• [What is needed]: If pictures appear, leave them out, and return exactly the lines from the one holding "Noored kotkad laskmas." through the last line of the listing below.
** Data extracts follows **
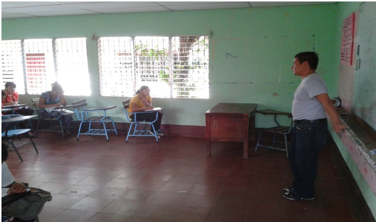
DOCENTE IMPARTIENDO CLASES DE REFORZAMIENTO
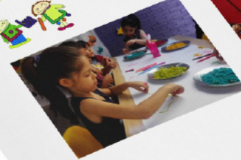
برگزاری دور های آموزشی سوزنی و کودک و ابردهای جمعی برای آشنایی بیشتر
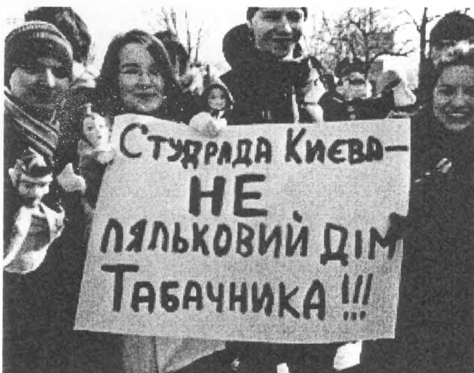
Фото з акції проти тиску Міністерства освіти і науки на студентське самоврядування 6. 03.13
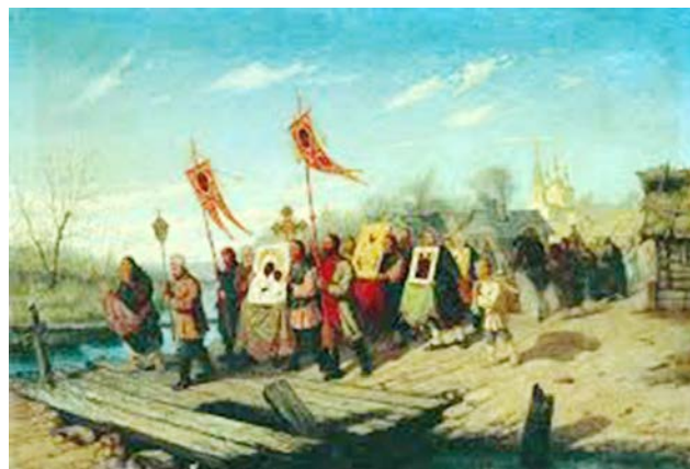
Рис. 12. Л.И. Соломаткин. «Крестный ход». 1882 г. // Национальный художественный музей Республики Беларусь (Минск)

ее ценность, полуслепой, он нащупал ее смысл – в труде, в самой жизни, небе и земле, и это все чуть ли не целиком поместилось на картине.
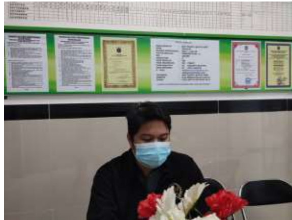
Gambar 6 Koordinasi Menentukan Tanggal Pelaksanaan Workshop 2

Pada bulan agustus 2022 tim pengabdian melaksanakan koordinasi ke dua untuk menentukan pelaksanaan workshop, kegiatan yang awalnya akan diadakan agustus menjadi mundur karena pada bulan itu ketua tim mengalami kecelakaan.
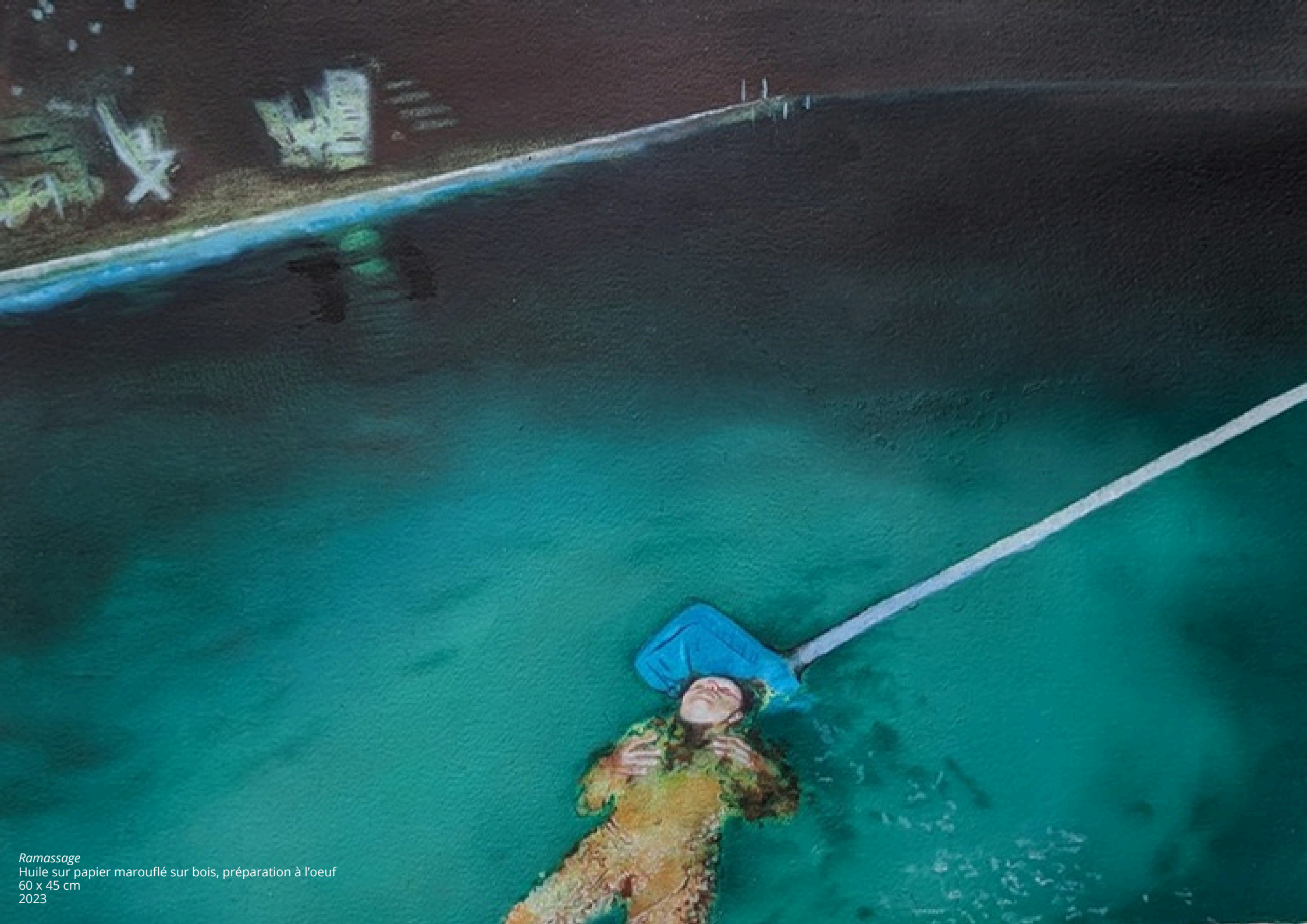
Ramassage Huile sur papier marouflé sur bois, préparation à l'oeuf 60 x 45 cm 2023
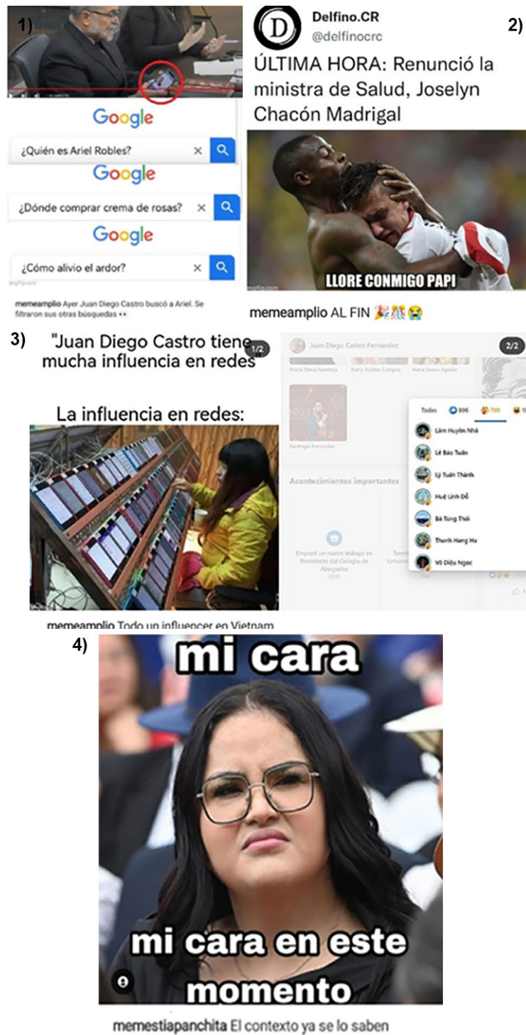
Figura 1: Memes de internet reaccionando a la comparecencia y renuncia de Joselyn Chacón.
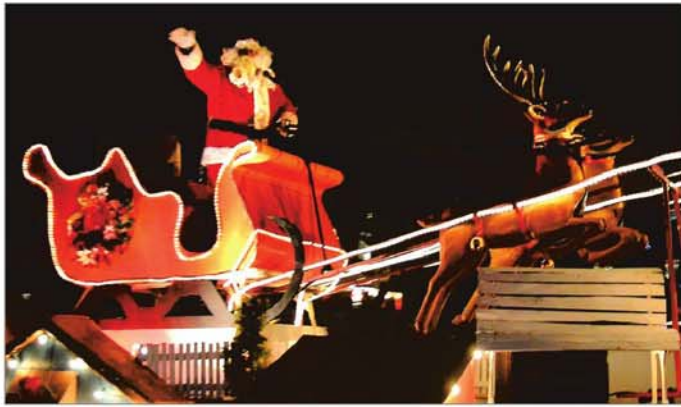
Le père Noël était très attendu.
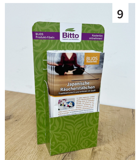
Abb. 7: Die kleinen Laschen auf beiden Seiten nach innen umklappen ... fertig! Jetzt mit den Foldern befüllen. Es passen in etwa 20 Folder oder mehr (je nach Seitenumfang des Folders) hinein.
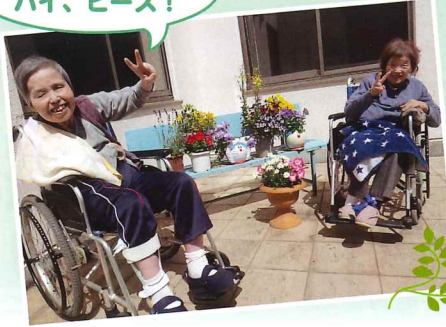
お花を見ながら。 ハイ、ピース!
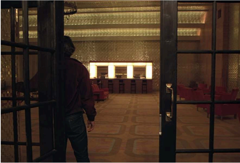
Fig. 3. Stanley Kubrick, Shining . Jack entre dans la Gold Room
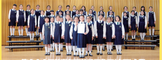
第六十六屆校際朗誦節詩詞集誦(粵語)小學五、六年級女子組亞軍
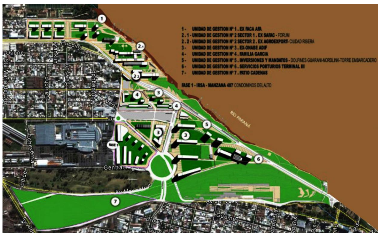
Fig.2: Proyecto Urbano Puerto Norte en Rosario.

En el proceso de planificación de Rosario, se ha desarrollado una intensa y constante gestión de suelo, acompañada de una planificación urbanística de las áreas de nuevo desarrollo. Ese proceso ha dado como resultado una de las transformaciones más trascendentales: la reconversión del antiguo puerto como operación apuntalada en el recupero del patrimonio productivo, industrial o ferroviario que incorpora a la ciudad áreas e instalaciones desafectadas de su uso original y transformadas en espacios vitales. Por normativa establecida por la Secretaría de Planeamiento de Rosario para toda el área de Puerto Norte, se debe garantizar el acceso al río para el uso público y conservar su patrimonio edilicio, aunque albergue nuevas funciones (Levin, 2011).
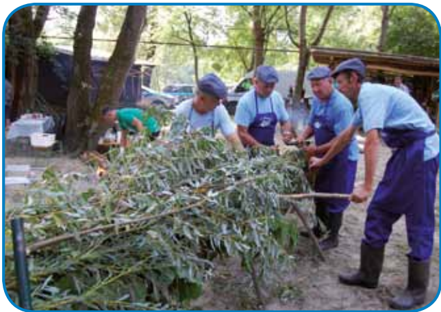
Ižakovčani büjranje predstavijo na Büjraških dnevih

žitvijo bregov reke so preprečevali, da bi se ta razlila izven svoje struge. Zgodovinski viri pričajo, da so büjraši svoje delo opravljali že leta 1871. V času Avstro-Ogrske je v avstrijskem delu za büjranje poskrbela država, v ogrskem delu reke pa so to delali običajno na pobudo
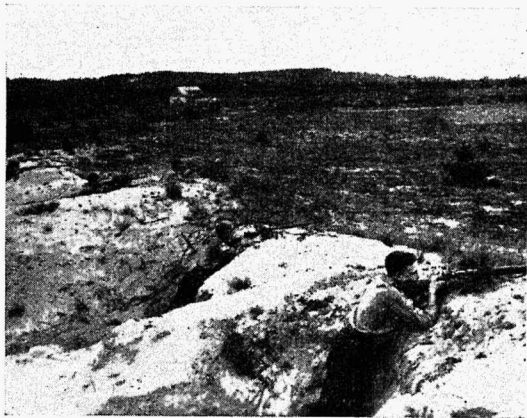
Noored kotkad laskmas.

2. Avatseremoonia on vist teie rühmadel juba kindlasti välja kujunenud ja
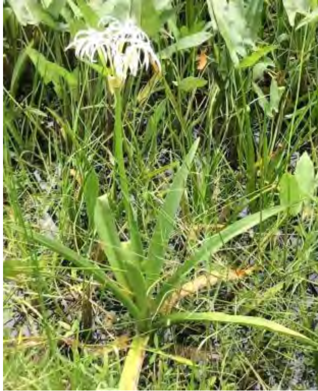
Crinum americanum (Liliaceae) – Swamp/String Lily
** End of Data extracts **
• [Problem solution]:
Noored kotkad laskmas.

2. Avatseremoonia on vist teie rühmadel juba kindlasti välja kujunenud ja
Crinum americanum (Liliaceae) – Swamp/String Lily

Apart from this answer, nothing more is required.